Bu eylemini bilerek, isteyerek AKP’nin ekmeğine yağ sürmek anlamında yapmadığını düşünsem de, o günden bugüne kendi içime sindirmiş değilim. Bu işte es geçilen bir yanlış var...
‘Mızıkçılık yapmak’ deyimi TDK sözlüğünde ‘oyun bozanlık’ olarak açıklansa da "Ayşe ip atlama oynarken hep mızıkçılık yaptı", "Oyunda kazanamayacaklarını anlayınca mızıkçılık yapmaya başladılar." gibi çocuk oyunlarıyla açıkladığı örneklerle temellendirmektedir.
Kavramların, deyimlerin onu kullanan kişinin niyetini aşan içerikler taşıdığını söylememe gerek yok. Ne Türkiye, 31 Mart'ta ülke çapında çocukça bir oyuna girdi, ne de AKP bu yerel yönetim seçimlerinde İstanbul’da kaybeden çocuktu. Tam tersine fazlasıyla palazlanmış bir iktidardı. Tıpkı bıçak gibi sözcükler de suçlarını beraber taşırlar...
Üstelik bu süreçte Kürt kentlerinde kayyımların hiç de çocukça olmayan birçok icraatı ortaya çıkmışken, onların uygulamalarını görmezden gelir gibi AKP’yi mızıkçılık yapmak deyimine sığdırmak doğru mudur? Üstelik tüm bunlar duyulmayacak, görülmeyecek, es geçilecek cinsten de değildi.
Kılıçdaroğlu’nun Ankara Çubuk ilçesinde düzenlenen cenaze töreninde linç girişiminden zar zor kurtulması tam bu döneme denk gelse de, Öztrak’ın söyleminde zerre kadar değişikliğe neden olmamıştı. Kılıçdaroğlu orada tekmelenip tokatlansa, mutlak bir ölümden zor kurtulsa da İBB seçimleriyle ilgili her kamera karşısına geçtiğinde mızıkçılık yapmakla başlıyor, mızıkçılık yapmakla bitiriyordu partisi adına yaptığı açıklamalarını. Halen daha da söyleminde en ufak bir değişiklik yapmamıştır, sanki keyifle yapıyor bunları. Faik Öztrak bütün bunları çocukça bir oyun mu sanıyor yoksa?.. CHP içinde bu konunun farkına varıp da Öztrak’a olumlu anlamda müdahale edecek hiç kimse yok mu?.. İnanmıyorum...
Bir parti sözcüsü olması, açıklamalarını beraber kaleme alan danışmanlarının olması, milletvekillerinden oluşan yakın mesai arkadaşları düşünüldüğünde bu acemiliği Öztrak’ın kişisel tercihiymiş gibi görmek de doğru olmaz.
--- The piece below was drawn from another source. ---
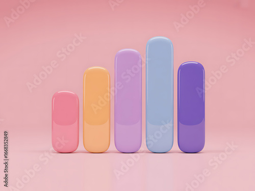 Pastel colored lip balms arranged in ascending height order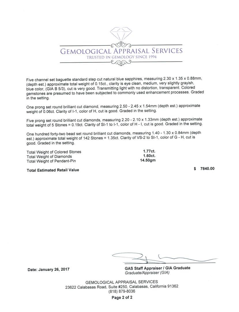 One electronically tested 18KT yellow gold lady's combination cast & assembled fashion pendant-pin with a bright polish finish. Identified with markings of '750'. Condition is new, good workmanship. Containing: Two prong set pear modified brilliant cut natural rubies, measuring 4.05 x 3.00 x 1.65mm, (depth est.) approximate total weight of 0.32ct., clarity is eye clean, medium, moderately strong, slightly purplish red color, (GIA slpR 5/4), cut is very good. Transmitting light with no distortion, transparent. Colored gemstones are presumed to have been subjected to commonly used enhancement processes. Graded in the setting. Seven channel set baguette modified step cut natural rubies, measuring 2.40 x 1.75 x 1.14mm, (depth est.) approximate total weight of 0.35ct., clarity is eye clean, medium, moderately strong, slightly purplish red color, (GIA slpR 5/4), cut is very good. Transmitting light with no distortion, transparent. Colored gemstones are presumed to have been subjected to commonly used enhancement processes. Graded in the setting. One prong set pear modified mixed cut natural emerald, measuring 5.00 x 3.10 x 2.50mm, (depth est.) approximate weight of 0.21ct., clarity is slightly included, medium, moderately strong, green color, (GIA G 5/4), cut is very good. Transmitting light with a minimum of distortion, transparent. Indications of oil residue. Colored gemstones are presumed to have been subjected to commonly used enhancement processes. Graded in the setting. Six prong set marquise modified brilliant cut natural emeralds, measuring 4.00 x 2.15 x 1.40mm, (depth est.) approximate total weight of 0.36ct., clarity is slightly included, medium, moderately strong, green color, (GIA G 5/4), cut is good. Transmitting light with a minimum of distortion, transparent. Indications of oil residue. Colored gemstones are presumed to have been subjected to commonly used enhancement processes. Graded in the setting. Two prong set pear modified mixed cut natural blue sapphires, measuring 4.10 x 2.90 x 2.00mm, (depth est.) approximate total weight of 0.38ct., clarity is eye clean, medium dark, moderately strong, blue color, (GIA B 6/4), cut is very good. Transmitting light with no distortion, transparent. Colored gemstones are presumed to have been subjected to commonly used enhancement processes. Graded in the setting. Five channel set baguette standard step cut natural blue sapphires, measuring 2.30 x 1.35 x 0.88mm, (depth est.) approximate total weight of 0.15ct., clarity is eye clean, medium, very slightly grayish, blue color, (GIA B 5/3), cut is very good. Transmitting light with no distortion, transparent. Colored gemstones are presumed to have been subjected to commonly used enhancement processes. Graded in the setting. One prong set round brilliant cut diamond, measuring 2.50 - 2.45 x 1.54mm (depth est.) approximate weight of 0.06ct. Graded in the setting. Color H Clarity I-1 Cut Good Five prong set round brilliant cut diamonds, measuring 2.20 - 2.10 x 1.33mm (depth est.) approximate total weight of 5 Stones = 0.19ct. Graded in the setting. Color H - I Clarity SI-1 to I-1 Cut Good One Hundred Forty-Two bead set round brilliant cut diamonds, measuring 1.40 - 1.30 x 0.84mm (depth est.) approximate total weight of 142 Stones = 1.35ct. Graded in the setting. Color G - H Clarity VS-2 to SI-1 Cut Good. Total Weight of Colored Stones 1.77ct.. Total Weight of Diamonds 1.60ct.. Total Weight of Pendant-Pin 14.50gm. GAS Appraised at $7,840.00.

Doğrusunu isterseniz iktidarı elbirliğiyle masumlaştırdıklarını da düşünmek istemiyorum. Gel de çık bu işin içinden...
*Geçtiğimiz hafta Halfeti’de yapılan işkenceler mızıkçılıkla açıklanabilir mi? Yoksa doğuda başka iktidar batıda başka iktidar mı var, ya da siz öyle mi görüyorsunuz.
*İstanbul il başkanı Canan Kaftancıoğlu hakkında sosyal medya paylaşımları nedeniyle başlatılan soruşturmayı mızıkçılıkla mı açıklayacağız?
*Ekrem İmamoğlu’na yapılan montaj videolar ve ‘esnafı tokatladı’ yalanını mızıkçılık yapmakla açıklamak mümkün mü?
*Bunca yolsuzluk, yoksulluk, taciz-tecavüz, kadın cinayetleri, ölümüne kaçanlar, içeri atılan politikacılar, gazeteciler, yazarlar ve akademisyenlerin olduğu bir ülkede iktidarın yaptıklarını çocukça bir oyunmuş gibi mızıkçılık yapıyorlar diye açıklayabilir miyiz?
Ortadoğu batağına saplanmış, Kürt kentlerinde taş üstünde taş bırakmamış, ekonomiyi dibe çöktürmüş bir iktidara sağcısından solcusuna herkes faşist derken ana muhalefet partisinin sözcüsü olarak ‘mızıkçılık yapıyorlar’ gibi masumlaştırıcı bir ifade kullanmanızın kimseye fayda sağlamayacağı ortadadır. Elbette ki küfredin demiyorum ama yaptıkları ve yaşattıkları üzerinden doğru bir dil kullanarak muhalefet edin. Anlayana sivri sinek saz, anlamayana davul zurna az.